Trying to close a single-digit lead to one or two possessions, the Beavers fouled Utah's starters Saturday night as they checked in with just over a minute remaining. While the Utes were able to make enough of their foul shots to secure an 86-78 win, a 14-for-26 mark at the line didn't make anyone particularly proud.

"We just need to work on it a lot more in practice," junior guard JoJo Zamora said. "I think we can be a lot better."

In many ways, Utah (15-6, 6-3 Pac-12) has the appearance of an NCAA Tournament-caliber team. Sitting at third place in the Pac-12, the Utes are the third-best shooting team in the country (51.8 percent), 12th in rebounding margin (plus-8.1), and No. 39 in shooting defense (40.4 percent).

But many of the finer details need to be addressed: end-of-game execution, passing efficiently, identifying and staying on post threats. And of course, free-throw shooting.

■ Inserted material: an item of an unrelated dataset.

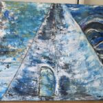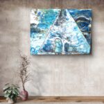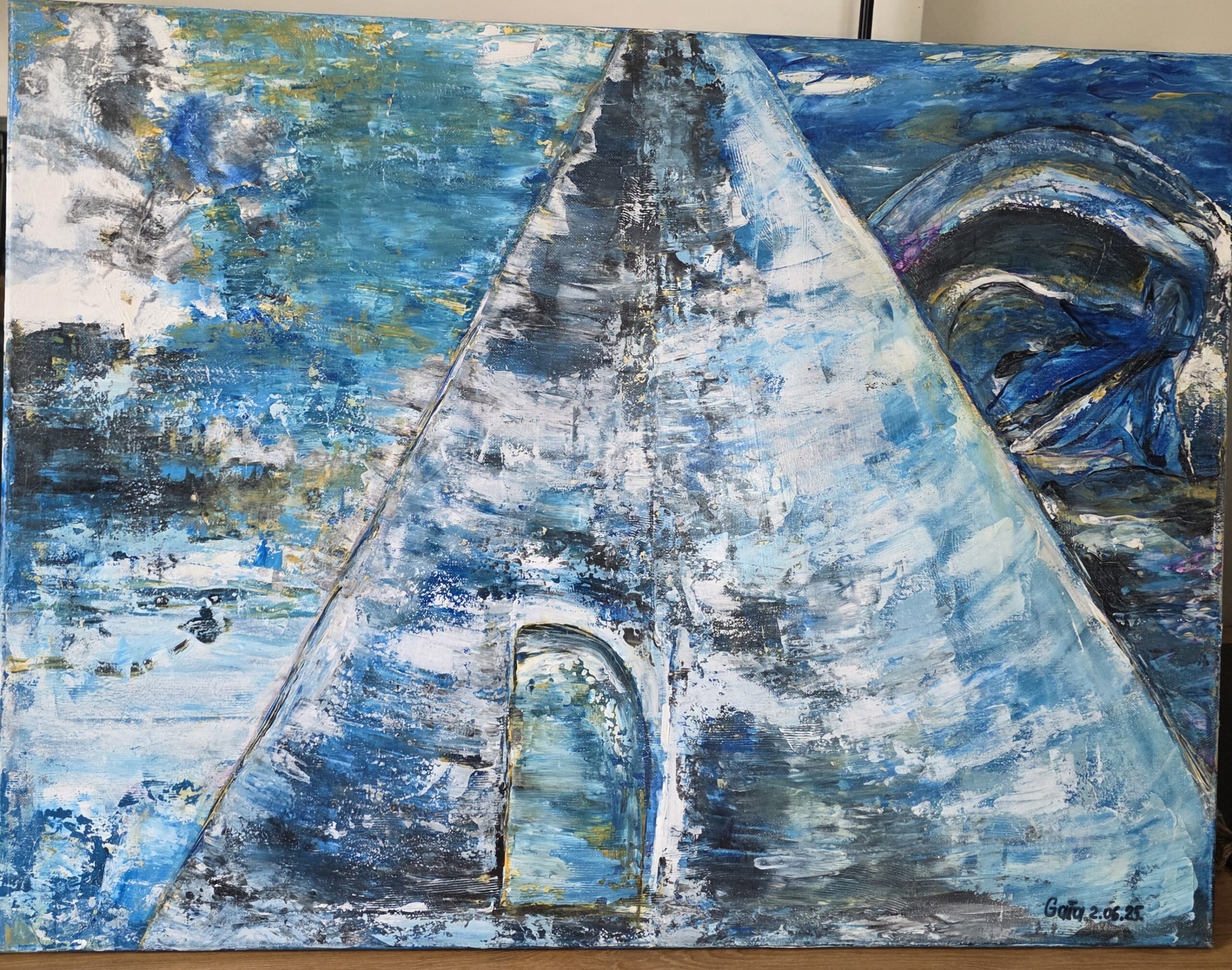The composition is dominated by a monumental triangular form, reminiscent of a pyramid or an icy mountain, dividing the canvas into two contrasting spaces. The left side shimmers with broken blues, whites, and traces of gold, evoking the endless sky and frozen sea. The right side curves inward, as if opening a gateway into storm and shadow, where waves twist into almost cosmic turbulence. At the base of the structure appears an arched doorway — mysterious, unreachable, a passage into silence. The work captures the tension between the immensity of northern landscapes and the hidden threshold to otherworldly realms.
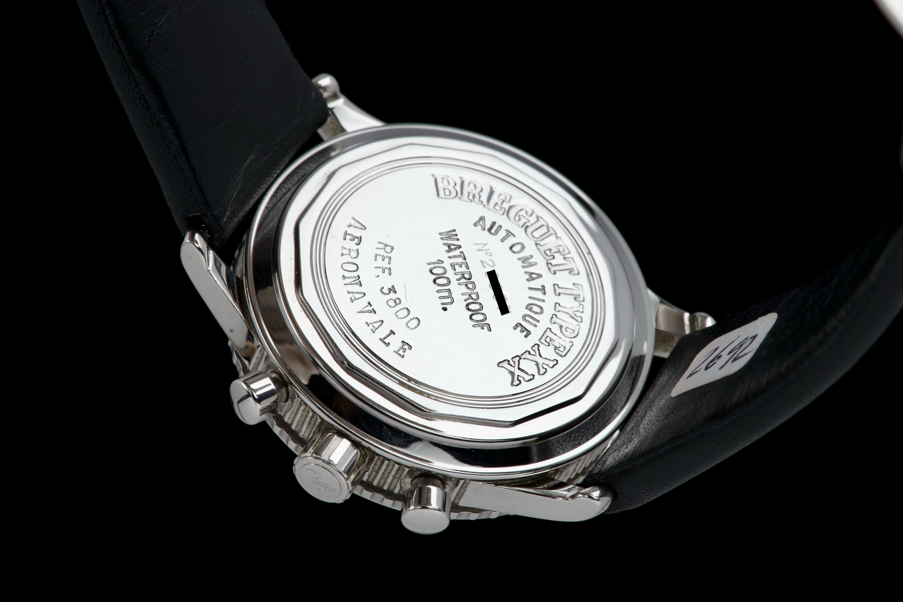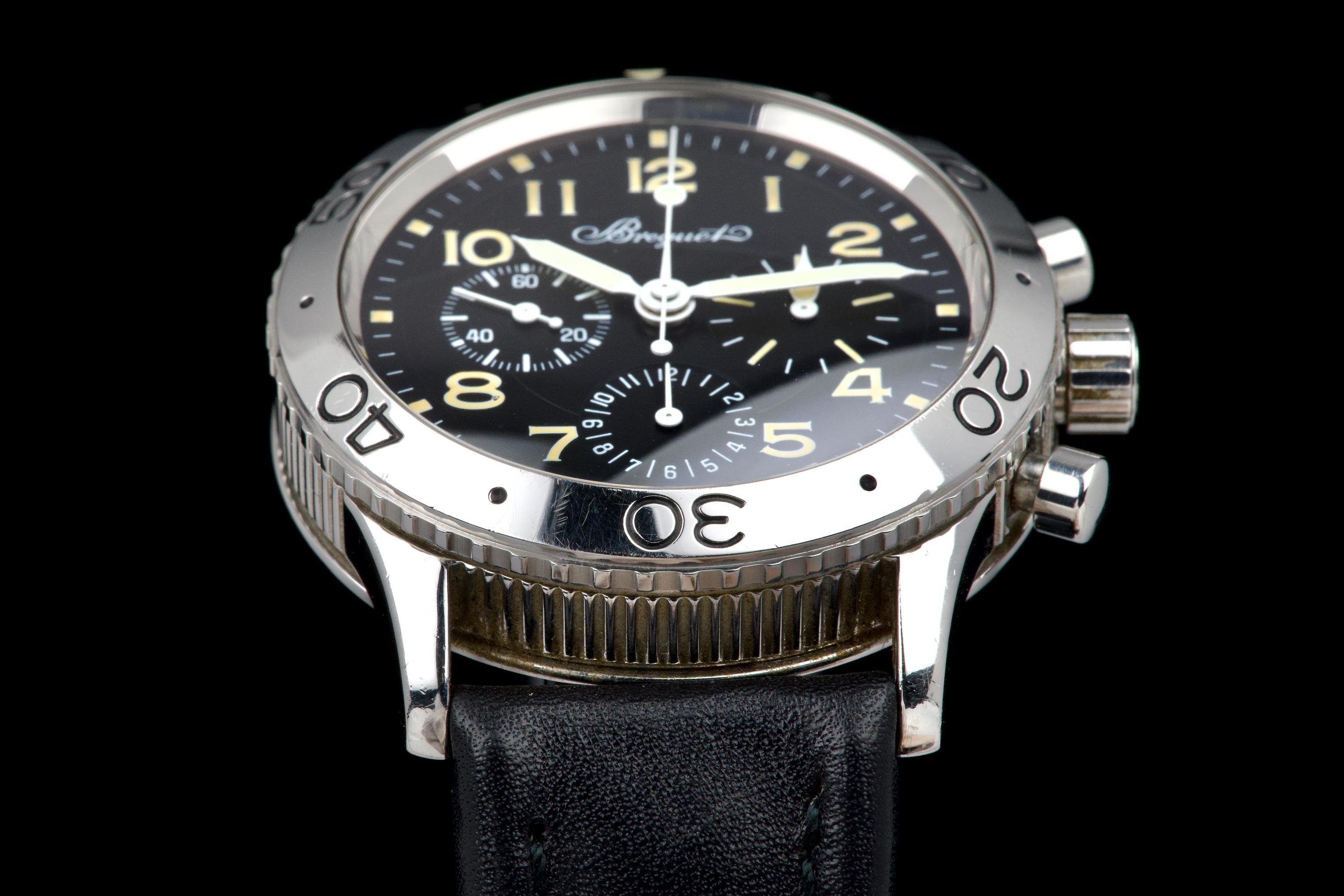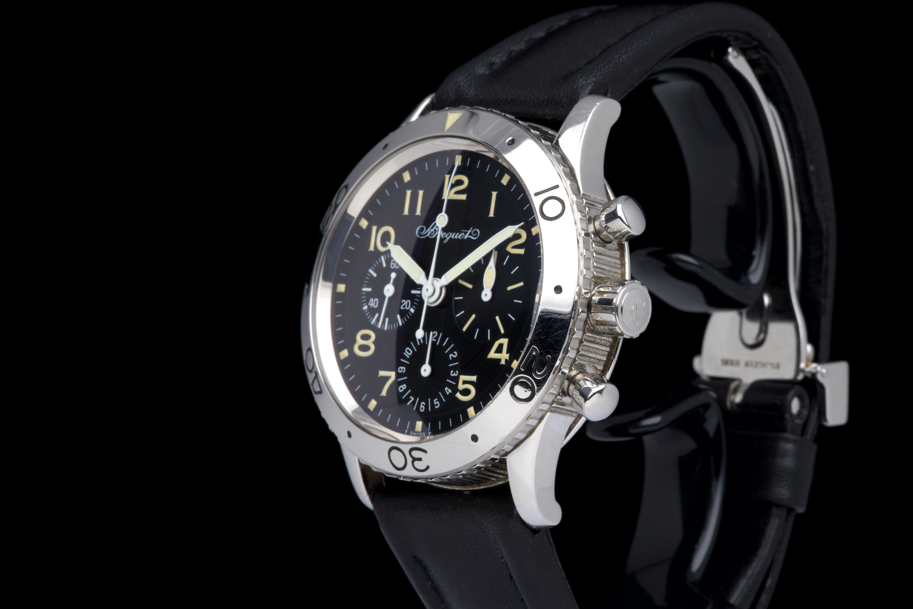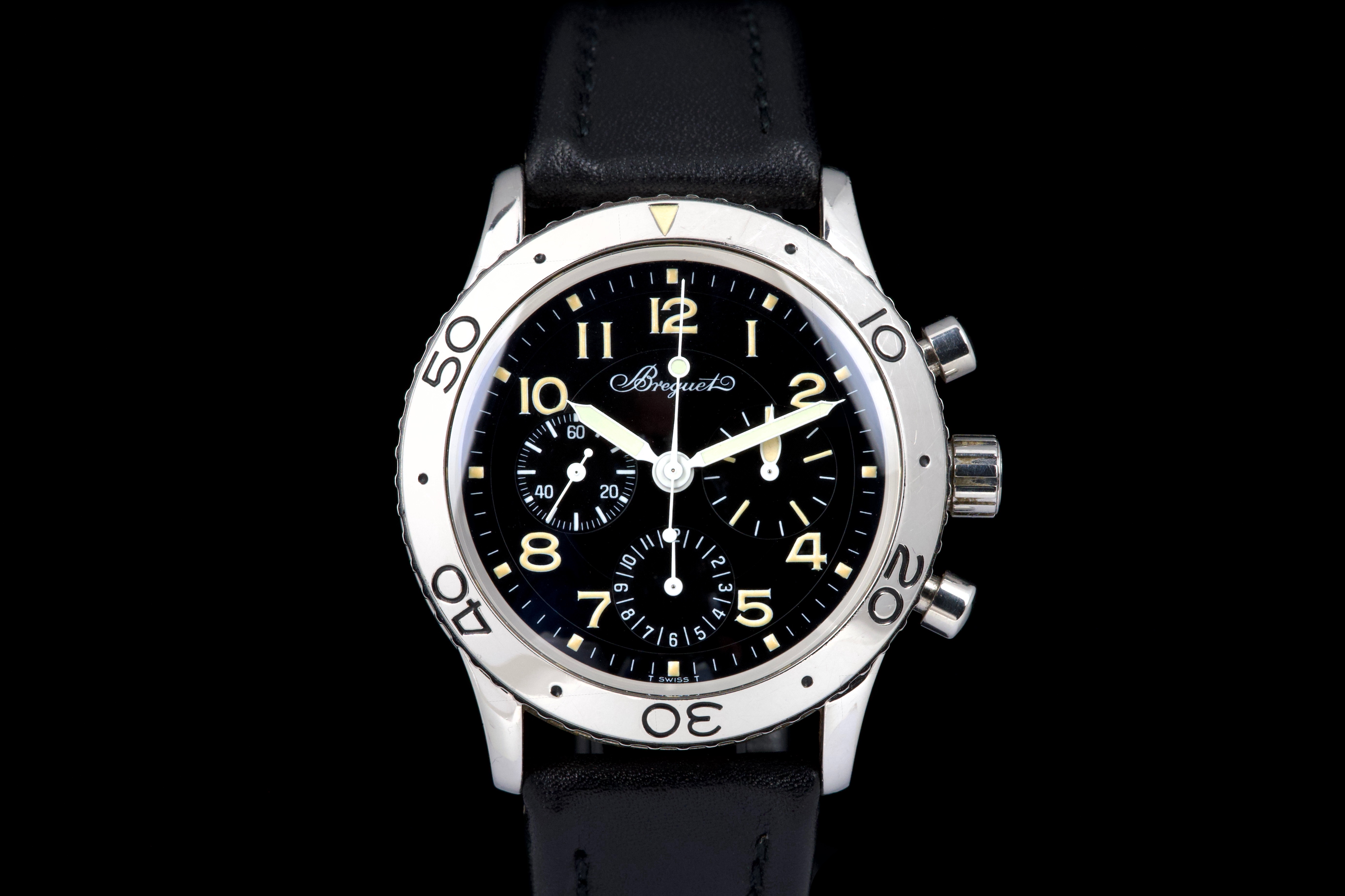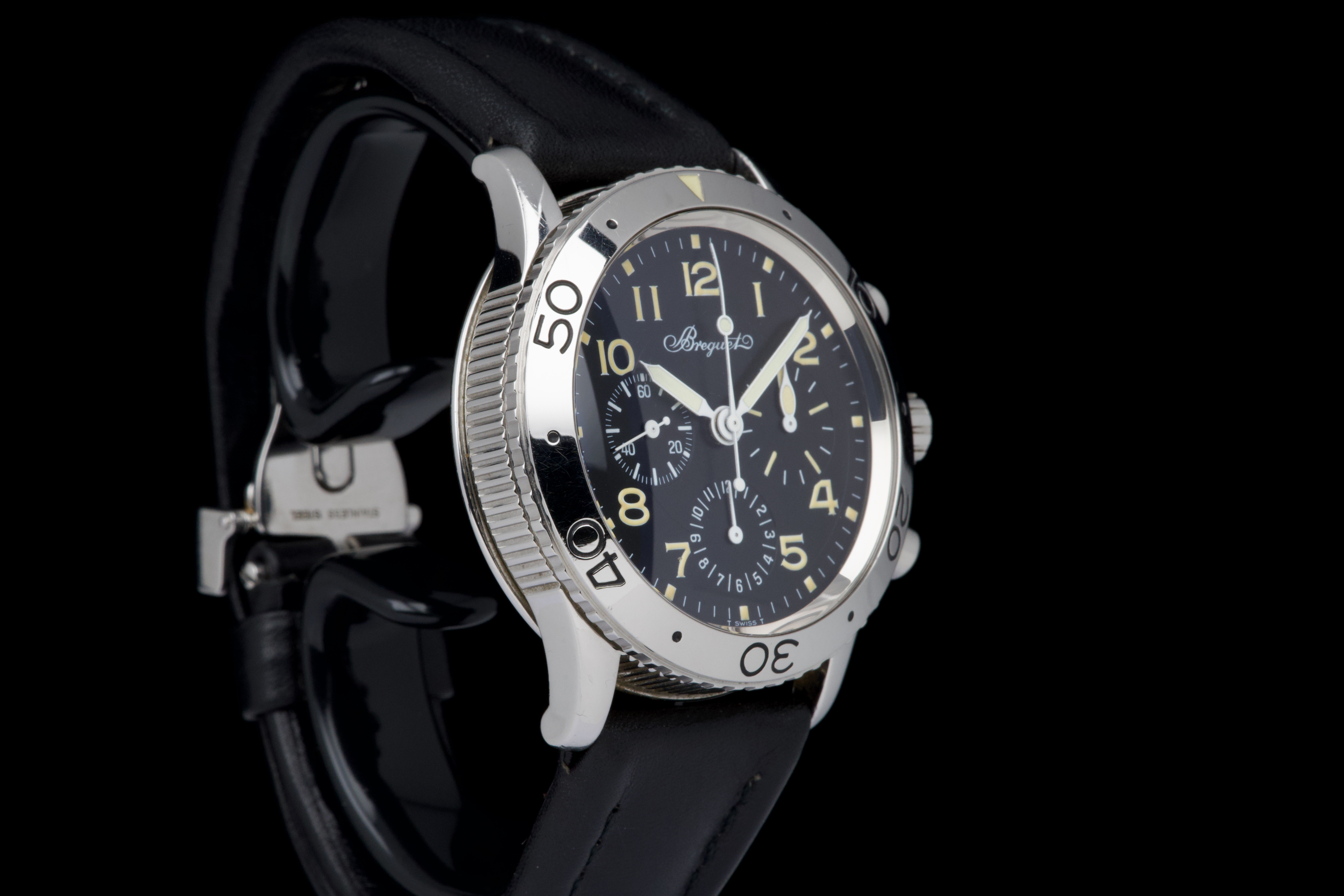 A superb example of the Breguet Type XX reference ST800, complete with its original metal box and original undated papers. Although the warranty is not dated, production characteristics and serial range indicate that the watch was most likely produced in 1997. The stainless-steel case is unpolished, remaining in excellent condition and showing only very light wear from use. The black tritium dial is exceptional, featuring a beautiful warm patina with perfectly matching tritium hands — exactly what collectors look for on early Type XX pieces. The watch is fitted with a brand-new Breguet black leather strap and its original Breguet deployant clasp, offering a fresh and elegant wrist presence. No service history is available, but the watch has been checked by our watchmaker and is in perfect working condition. A highly attractive and honest example of the classic Breguet Type XX — unpolished, full set, with beautiful patina and excellent overall condition.

Those details were less than clean in the two games at home last week. And with a road trip that will take the Utes to Cal and Stanford — where they were swept last year — the little things will be in a larger focus.

"You can only put so many things on a practice plan this time of year," Krystkowiak said of free-throw shooting. "You take your deficiencies and plug in time at practice, and if it is becoming a pattern then we are obviously going to have to practice more."

The Utes have hit 68.2 percent of free throws, ranking No. 216 in the country and ninth in the Pac-12. While many marks have improved during conference play, the free throws haven't: The Utes are only 60.7 percent from the line in conference games, 11th in the league.

Players and coaches said that free-throw shooting is generally better in practices than in games. Krystkowiak suggested he would get "creative" to address it more in practice.

But that's not the only thing Utah is working on: A close loss to Oregon showed that the Utes have to make strides late in games. Close home losses to UCLA and the Ducks this season are particularly painful for a team on the hunt for standout wins on its NCAA resume. In losing by six on Thursday, Utah missed its last four shots of the game.

Krystkowiak said he didn't have a problem with the opportunities his team got against Oregon: a missed lay-up, a fast break stalled by a charge, an open 3-pointer, a blocked putback. But given that Utah had made stops, he was disappointed that they couldn't make Oregon pay for its turnovers.

"It was just matter of us not executing when we needed to," he said. "We did a nice job of getting stops, I liked what we did on that end. But to get back, you have to score a couple times."

Other areas of concern from the week's games include the post defense against Oregon, which had an array of powerful dunks when Utah lost track of Jordan Bell and Chris Boucher. The Utes also had trouble closing gaps on Stephen Thompson (30 points) and JaQuori McLaughlin (22 points) that helped Oregon State get back in it Saturday. Utah's minus-1.1 turnover margin is in the bottom half of the league, with turnovers costing the Utes in the loss to the Ducks.

There's plenty left to work on. Utah will have to devote at least some of their energy to building up weaknesses that could cost them on the road— an already slim shot at an NCAA Tournament may hang in the balance.